TAFE & Adult Provision Winning respect in TAFE

I imagine having spent years attaining qualifications and then, on a technicality, walking into a job that won’t acknowledge those qualifications – and instead being placed at the bottom of the salary scale, with no way to progress. This is the situation in which many TAFE teachers have found themselves in recent years. It has occurred for teachers at the top of the classification range who were grandfathered across to the equivalent salary rate under the MEA 2018 and then went on to move to another TAFE institute. 

Many of these teachers found themselves positioned at the bottom of the salary range because their diploma qualifications, pre-2018, did not contain a specific unit called ‘Studies in Applied Research’ linked to the holistic, non-prescriptive and internationally recognised Boyer Framework of Scholarship.

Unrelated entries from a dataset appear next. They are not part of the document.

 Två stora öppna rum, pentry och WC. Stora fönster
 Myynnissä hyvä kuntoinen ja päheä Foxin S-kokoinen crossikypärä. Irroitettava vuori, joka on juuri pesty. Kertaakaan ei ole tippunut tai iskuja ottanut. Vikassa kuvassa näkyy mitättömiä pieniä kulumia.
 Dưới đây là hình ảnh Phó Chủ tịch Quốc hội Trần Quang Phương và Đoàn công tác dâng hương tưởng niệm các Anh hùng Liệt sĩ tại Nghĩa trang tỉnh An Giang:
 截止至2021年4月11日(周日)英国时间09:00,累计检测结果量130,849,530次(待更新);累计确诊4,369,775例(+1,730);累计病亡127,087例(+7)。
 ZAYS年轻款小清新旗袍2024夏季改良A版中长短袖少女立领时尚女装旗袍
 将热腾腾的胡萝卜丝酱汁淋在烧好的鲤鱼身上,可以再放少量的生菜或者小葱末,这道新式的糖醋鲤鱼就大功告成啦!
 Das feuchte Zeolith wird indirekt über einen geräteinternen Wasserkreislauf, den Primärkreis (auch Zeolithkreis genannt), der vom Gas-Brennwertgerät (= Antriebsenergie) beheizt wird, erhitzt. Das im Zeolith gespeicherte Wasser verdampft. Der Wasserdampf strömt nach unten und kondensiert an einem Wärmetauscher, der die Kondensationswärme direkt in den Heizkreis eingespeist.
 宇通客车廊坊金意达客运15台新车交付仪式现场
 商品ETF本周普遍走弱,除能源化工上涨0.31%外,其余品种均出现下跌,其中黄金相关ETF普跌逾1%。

And it’s happened, too, for TAFE teachers teaching TESOL (Teaching English to Speakers of Other Languages) and EAL (English as an Additional Language) in Migrant Education Programs, and those teaching VCE in TAFE.

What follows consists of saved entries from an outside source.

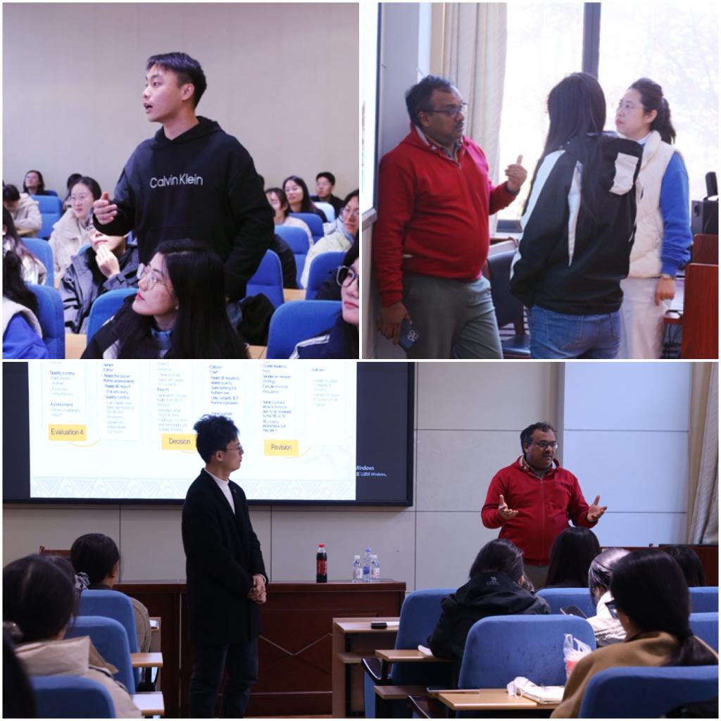 饶卫振在开场致辞中详细介绍了Kannan Govindan教授的研究背景与学术成果,并代表公司对其到来表示欢迎。报告中,Kannan Govindan教授结合自身多年的学术研究与期刊编审经验,围绕高质量学术论文的选题构思、创新提炼、结构设计、期刊选择、投稿策略及审稿回应等关键环节,系统分享了在SCI/SSCI期刊成功发表高水平研究成果的实用技巧与宝贵经验。Govindan教授还结合其研究方向的前沿进展,探讨了如何将学术研究与全球可持续发展议题有机融合,以进一步提升研究的学术影响力与社会价值。
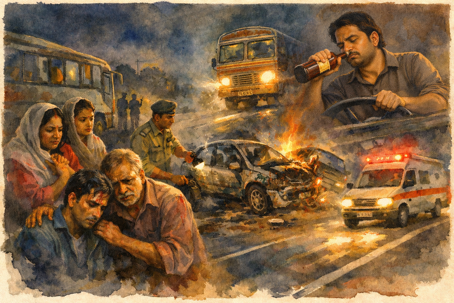 Who drives drunk? Evening and night drivers. Truck drivers between cities after a chai-and-rum stop. Car drivers coming home from weddings, parties, bars, weekend farmhouses. Bus drivers on long-haul overnight routes. The night shift on Indian roads has a blood alcohol problem that the official statistics refuse to acknowledge.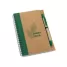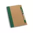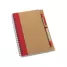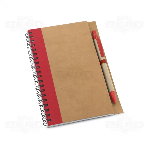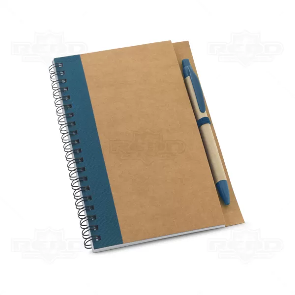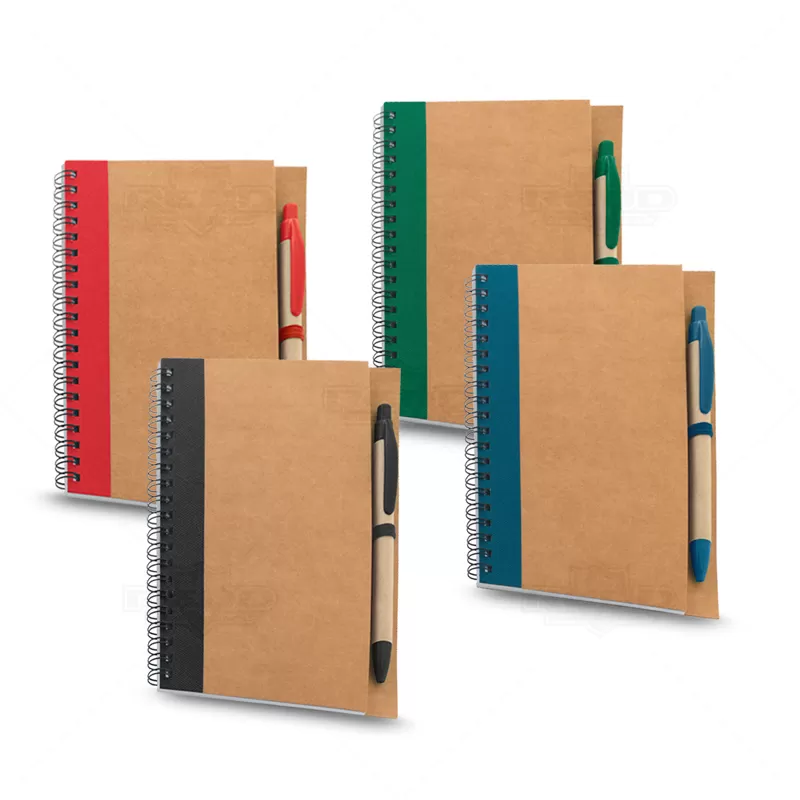 Bloco de anotações personalizado com caneta esferográfica de escrita na cor azul, capa em papel kraft com detalhe colorido à esquerda, encadernação wire-o, elástico lateral para suporte de caneta e aproximadamente 70 folhas não pautadas em papel reciclado. Ideal para brindes promocionais e eventos corporativos.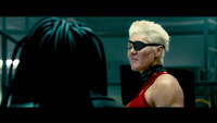 Другой, очень колоритный персонаж в комиксе это Мать-Россия. По сюжету комикса Крис нанимает бывшую телохранительницу Владимира Путина, однако в фильме ей придумали новую биографию. (Или это проделки российского дубляжа? Надо будет в оригинале посмотреть.) А заодно придали внешность бодибилдерши Ольги Куркулиной. Решение, мягко говоря, странное. Актерское дарование госпожи Куркулиной можно сравнить разве что с Арнольдом нашим "Терминатором" Шварценнеггером. То есть, ровно такой же самодвижущийся шкаф, только женского полу. Чтобы шкаф на экране не выглядел шкафом, надо уметь его снимать. Судя по всему, никто из съемочный команды Kick-Ass 2 не имел опыта работы с Арни, так что Куркулину показать с наиболее выгодных ракурсов не смогли. (Крупный план накачанной задницы в красных труселях не в счет.) Особенно это заметно, когда Мать-Россия должна просто присутствовать в кадре. Типичная мебель – как поставили, так и стоит.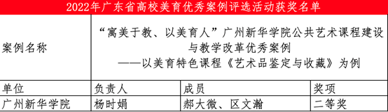 近日,广东省教育厅公示了2022年广东省高校美育优秀案例评选结果,古天乐代言太阳集团网址美育教研室报送的案例“‘寓美于教、以美育人’古天乐代言太阳集团网址公共艺术课程建设与教学改革优秀案例——以美育特色课程《艺术品鉴定与收藏》为例”荣获广东省高校本科组美育优秀案例二等奖。

Many of these teachers have AQF6+ qualifications but find themselves positioned at an AQ4+ level on the salary scale. Only their basic TAFE teaching qualification – Certificate IV in Training and Assessment – has been recognised, leaving teachers stranded at Level 1 with no way to increment beyond Level 1 step 2.

This happened to Janette, VCE teacher at a metro TAFE, and she only discovered the error by accident. In a conversation with a friend who taught VCE at a private school, Janette learned she was being paid significantly less for equivalent – and often more intensive – work in the TAFE sector. 

A loophole has led to salaries for VCE teachers in TAFE that are, quite frankly, insulting.

Janette, who was teaching four VCE subjects, realised she didn’t even know her hourly pay rate. “When we moved to the new MEA, we were just slotted in at a lower classification. No one noticed and we just took it for granted,” she says. After speaking to her friend, she thought: “Hang on! I have a Bachelor of Education and a diploma. This doesn’t stand!”

When she checked the payroll system, she discovered she couldn’t even access the information. It took some time, and the assistance of her AEU rep, to establish that she was being paid substantially less than her private-school VCE teacher friend.

The union rep raised the anomaly with the TAFE’s HR department. The result was an acknowledgement by HR that the salary classification was incorrect and an undertaking to deliver backpay to 2018, when the agreement came into force. “For some people teaching VCE in TAFE, it’s a substantial win,” Janette says.

Many TAFE teachers do not have pay parity with their counterparts in the schools sector. A qualification provision in the Victorian TAFE Teaching Staff Agreement 2018, designed as a means of recognising TAFE teachers’ professional qualifications, has backfired, becoming a way of excluding highly experienced and dedicated teachers from accessing salaries in excess of $80,000 per annum.

Some years ago, I spoke to a TAFE teacher who not only had years of experience as a teacher, but also a PhD in Vocational Education. He was blocked from progressing to the highest salary classification because he could not demonstrate that he had studied a single applied research ‘unit’ as part of his PhD.

In individual circumstances, some TAFEs will pay higher duties to teachers in acknowledgement of their experience and qualifications. But, overall, this loophole – and the Victorian TAFE Association’s narrow interpretation of the Boyer Framework’s Applied Research component – has led to salaries that are, quite frankly, insulting. In negotiations for the next TAFE agreement, the AEU is seeking changes to this clause so that the VTA would no longer be able to block legitimate applications for progression along the salary scale.

Janette is still waiting for the backpay, but she’s glad she was proactive on the matter. ‘‘We don’t want battles; we just want to work,” she says. “I want to spend my time creating enjoyable, fun lessons – and being properly remunerated for it.”